Second on my list of greats is a 2004 film from what might be called the late Amitabh period, Govind Nihalani’s Dev. I came across the movie accidentally, while surfing for something watchable on a quiet evening. The remote in my hand paused on seeing Amitabh’s name and did not move till the film ended, leaving me drained. This was Amitabh Bachchan the legend.

By 1982 Amitabh had become a dominant lodestar of popu­lar culture, and was taking Bollywood beyond the boundaries of Indian languages. There was only one group of Indians who remained supremely indifferent to the Bachchan revolution: the thin English-speaking elite. Most, though not all, of the snoot-spooked English newspaper editors were indifferent; indeed, they probably did not even realise that his English was as good as theirs.
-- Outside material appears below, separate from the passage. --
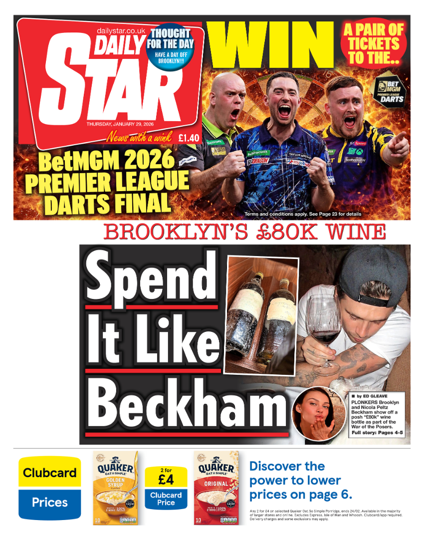 [The Daily Star reports on an expensive bottle of wine shared by Brooklyn Beckham and Nicola Peltz.]

In Calcutta, we were just getting our new newspaper The Telegraph going, when in 1982 Amitabh had a near-fatal acci­dent while shooting for Coolie (1983). We made his accident and hospitalisation page-one news and let it remain there as long as the frenzy about his health lasted, which was a while. The lead­ing English paper of Bengal at the time, The Statesman, refused to acknowledge that Amitabh Bachchan’s life was a story. The irony was that Amitabh’s father-in-law, Taroon Bhaduri, a won­derful person and brilliant journalist, was a doyen among the Statesman’s correspondents. But of course, such high and mighty decisions were taken by the paper’s editors from their eyrie on the third floor, not special correspondents.
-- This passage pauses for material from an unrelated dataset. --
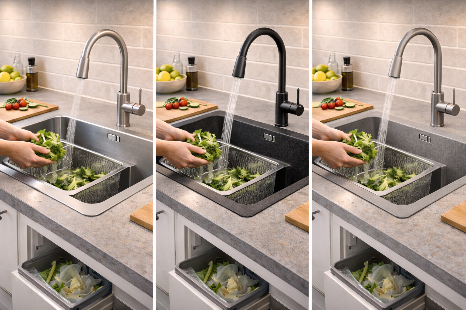 Direkter Vergleich der Spülenmaterialien
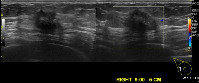 우측 유방에 만져지는 멍울로 내원하신 60대 여성 분으로 우측 9시 방향에서 5cm 거리의 만져지는 혹 중심핵생검 시행하여 우측 침윤성 유관암 진단 되었습니다.

For the millions of admirers, that accident was astrological, as was the string of sudden flops that followed. There is no point pretending that a film like Jaadugar honours the Bachchan oeu­vre. The sun-star was in some wrong house. As a line in one of his films put it: “Bura waqt hi to hai, guzar jaayega (It is merely a bad time, it will pass)”.

It passed, but it punished.

Success beyond one’s dreams is manageable for dreams are only ambition re-imagined. It is success beyond comprehension which tends to go out of control. The worst mistake the great man made was to believe in snake-oil salesmen who told him that his brand value was greater than his acting genius. He hired corpo­rate honchos for the Amitabh Bachchan Corporation, started in 1996, whose salaries ate up a good part of the capital and whose mistakes swallowed the rest. They left the superstar broke. But the destiny that had brought him so far refused to abandon him. Along came Kaun Banega Crorepati in 2000 and the phenomenon was raging again, this time reinventing television.

I suppose we all transform, hopefully without too much creaking, from Angry Young Man to Grumpy Old Man. Age can make you careless. Age is also psychological. If you feel that time has begun to run out, then there remains little left to run on. Bachchan, one is confident, has much more to give.

The sun is also a star, but it blazes with warmth rather than twinkle in the cold because it is closer to Earth. The cinema universe is full of twinkles. Only one sun rises in every epoch and defines it.

The French film maestro François Truffaut, I read some­where, described Amitabh Srivastava Bachchan as a “one-man industry”. Sorry, François, you didn’t know the half of it.